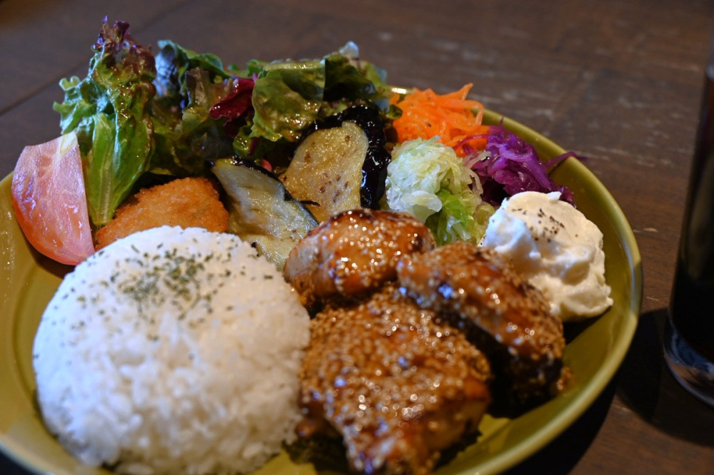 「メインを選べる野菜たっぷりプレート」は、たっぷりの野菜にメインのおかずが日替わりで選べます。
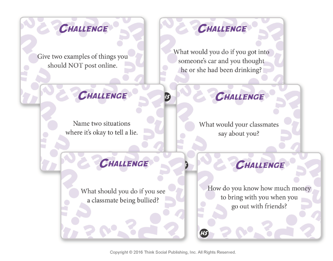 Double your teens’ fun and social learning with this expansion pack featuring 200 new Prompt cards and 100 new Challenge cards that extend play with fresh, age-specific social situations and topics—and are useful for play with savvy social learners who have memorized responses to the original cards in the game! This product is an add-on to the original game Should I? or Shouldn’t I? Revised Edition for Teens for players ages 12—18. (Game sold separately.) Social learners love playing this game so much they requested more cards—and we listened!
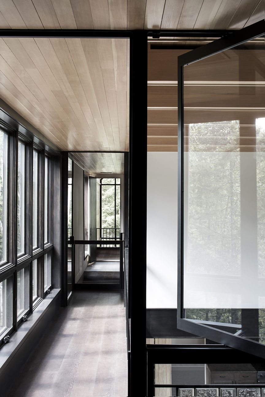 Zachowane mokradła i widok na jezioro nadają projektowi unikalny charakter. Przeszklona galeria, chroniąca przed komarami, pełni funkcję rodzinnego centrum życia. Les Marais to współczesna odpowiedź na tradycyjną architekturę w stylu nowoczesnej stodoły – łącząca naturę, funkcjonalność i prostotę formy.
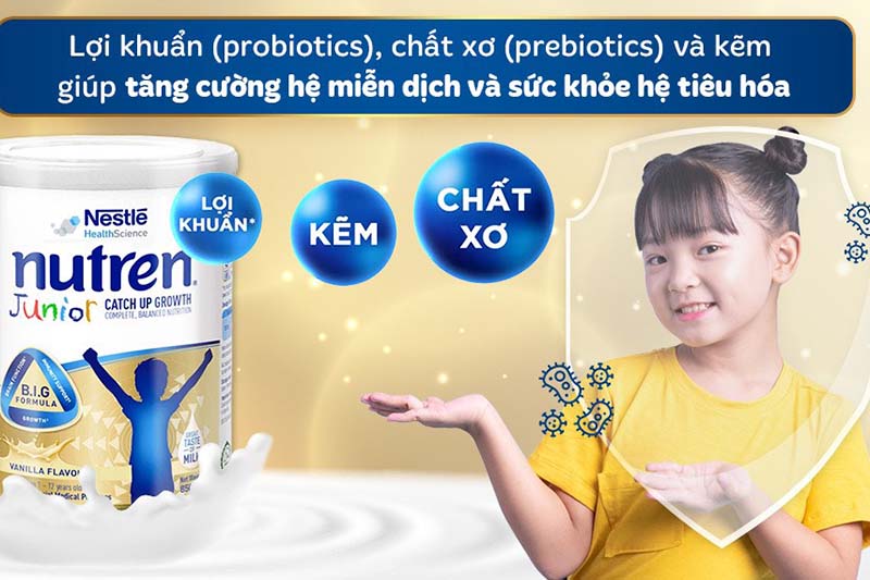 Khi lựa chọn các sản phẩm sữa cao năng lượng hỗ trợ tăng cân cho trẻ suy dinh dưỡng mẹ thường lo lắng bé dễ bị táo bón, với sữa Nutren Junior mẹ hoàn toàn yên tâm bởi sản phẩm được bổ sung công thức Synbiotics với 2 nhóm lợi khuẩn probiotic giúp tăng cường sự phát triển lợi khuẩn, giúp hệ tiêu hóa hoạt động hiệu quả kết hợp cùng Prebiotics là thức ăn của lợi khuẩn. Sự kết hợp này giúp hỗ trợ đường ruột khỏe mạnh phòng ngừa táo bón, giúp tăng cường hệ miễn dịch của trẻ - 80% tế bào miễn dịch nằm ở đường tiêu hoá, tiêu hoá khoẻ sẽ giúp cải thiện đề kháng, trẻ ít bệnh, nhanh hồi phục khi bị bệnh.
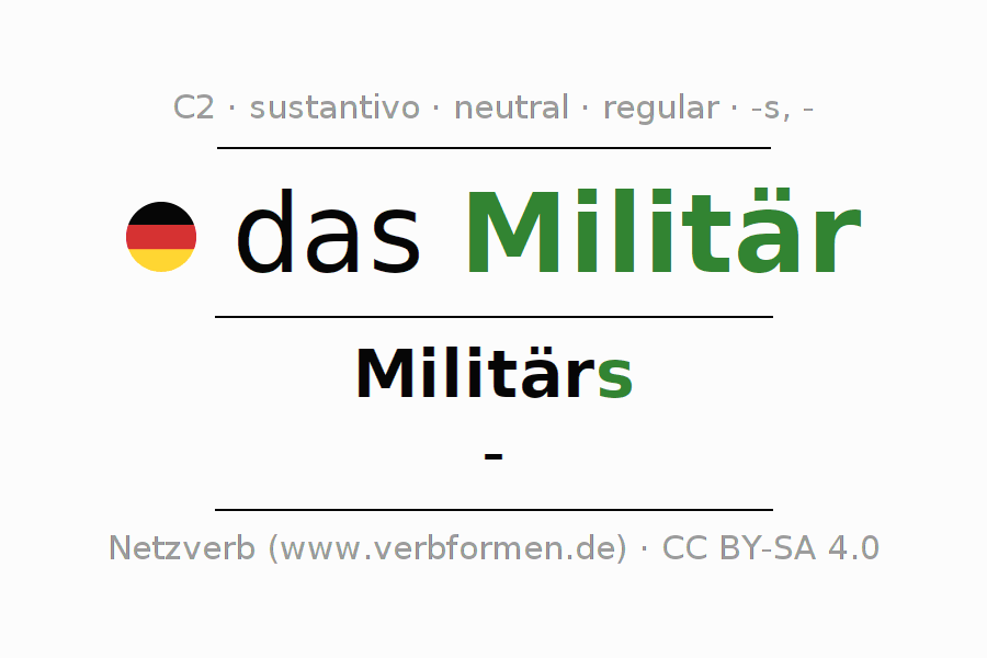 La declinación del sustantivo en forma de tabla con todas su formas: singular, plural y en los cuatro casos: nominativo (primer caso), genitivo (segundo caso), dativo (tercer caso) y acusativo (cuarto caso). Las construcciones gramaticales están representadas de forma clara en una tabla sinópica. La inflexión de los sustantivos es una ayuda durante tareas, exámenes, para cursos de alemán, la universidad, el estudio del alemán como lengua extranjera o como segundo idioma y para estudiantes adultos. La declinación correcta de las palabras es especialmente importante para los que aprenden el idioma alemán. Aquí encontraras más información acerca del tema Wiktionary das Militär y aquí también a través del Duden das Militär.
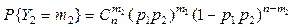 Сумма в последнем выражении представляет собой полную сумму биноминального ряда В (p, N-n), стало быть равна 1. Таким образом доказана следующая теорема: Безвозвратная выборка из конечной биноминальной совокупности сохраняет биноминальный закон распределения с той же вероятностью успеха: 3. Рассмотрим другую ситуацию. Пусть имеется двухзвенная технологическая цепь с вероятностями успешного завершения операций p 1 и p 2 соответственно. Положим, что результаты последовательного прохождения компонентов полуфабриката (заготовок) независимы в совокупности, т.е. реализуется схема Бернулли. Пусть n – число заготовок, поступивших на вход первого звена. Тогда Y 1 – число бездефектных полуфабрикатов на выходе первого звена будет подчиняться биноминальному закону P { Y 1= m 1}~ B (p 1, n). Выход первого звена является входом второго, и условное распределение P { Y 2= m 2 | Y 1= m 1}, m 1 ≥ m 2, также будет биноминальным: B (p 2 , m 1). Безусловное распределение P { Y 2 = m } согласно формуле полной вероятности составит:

WORK REQUIRED
All records above are to be repeated exactly, with the images left out.

EXERCISE OUTPUT
 「メインを選べる野菜たっぷりプレート」は、たっぷりの野菜にメインのおかずが日替わりで選べます。
 Double your teens’ fun and social learning with this expansion pack featuring 200 new Prompt cards and 100 new Challenge cards that extend play with fresh, age-specific social situations and topics—and are useful for play with savvy social learners who have memorized responses to the original cards in the game! This product is an add-on to the original game Should I? or Shouldn’t I? Revised Edition for Teens for players ages 12—18. (Game sold separately.) Social learners love playing this game so much they requested more cards—and we listened!
 Zachowane mokradła i widok na jezioro nadają projektowi unikalny charakter. Przeszklona galeria, chroniąca przed komarami, pełni funkcję rodzinnego centrum życia. Les Marais to współczesna odpowiedź na tradycyjną architekturę w stylu nowoczesnej stodoły – łącząca naturę, funkcjonalność i prostotę formy.
 Khi lựa chọn các sản phẩm sữa cao năng lượng hỗ trợ tăng cân cho trẻ suy dinh dưỡng mẹ thường lo lắng bé dễ bị táo bón, với sữa Nutren Junior mẹ hoàn toàn yên tâm bởi sản phẩm được bổ sung công thức Synbiotics với 2 nhóm lợi khuẩn probiotic giúp tăng cường sự phát triển lợi khuẩn, giúp hệ tiêu hóa hoạt động hiệu quả kết hợp cùng Prebiotics là thức ăn của lợi khuẩn. Sự kết hợp này giúp hỗ trợ đường ruột khỏe mạnh phòng ngừa táo bón, giúp tăng cường hệ miễn dịch của trẻ - 80% tế bào miễn dịch nằm ở đường tiêu hoá, tiêu hoá khoẻ sẽ giúp cải thiện đề kháng, trẻ ít bệnh, nhanh hồi phục khi bị bệnh.
 La declinación del sustantivo en forma de tabla con todas su formas: singular, plural y en los cuatro casos: nominativo (primer caso), genitivo (segundo caso), dativo (tercer caso) y acusativo (cuarto caso). Las construcciones gramaticales están representadas de forma clara en una tabla sinópica. La inflexión de los sustantivos es una ayuda durante tareas, exámenes, para cursos de alemán, la universidad, el estudio del alemán como lengua extranjera o como segundo idioma y para estudiantes adultos. La declinación correcta de las palabras es especialmente importante para los que aprenden el idioma alemán. Aquí encontraras más información acerca del tema Wiktionary das Militär y aquí también a través del Duden das Militär.
 Сумма в последнем выражении представляет собой полную сумму биноминального ряда В (p, N-n), стало быть равна 1. Таким образом доказана следующая теорема: Безвозвратная выборка из конечной биноминальной совокупности сохраняет биноминальный закон распределения с той же вероятностью успеха: 3. Рассмотрим другую ситуацию. Пусть имеется двухзвенная технологическая цепь с вероятностями успешного завершения операций p 1 и p 2 соответственно. Положим, что результаты последовательного прохождения компонентов полуфабриката (заготовок) независимы в совокупности, т.е. реализуется схема Бернулли. Пусть n – число заготовок, поступивших на вход первого звена. Тогда Y 1 – число бездефектных полуфабрикатов на выходе первого звена будет подчиняться биноминальному закону P { Y 1= m 1}~ B (p 1, n). Выход первого звена является входом второго, и условное распределение P { Y 2= m 2 | Y 1= m 1}, m 1 ≥ m 2, также будет биноминальным: B (p 2 , m 1). Безусловное распределение P { Y 2 = m } согласно формуле полной вероятности составит:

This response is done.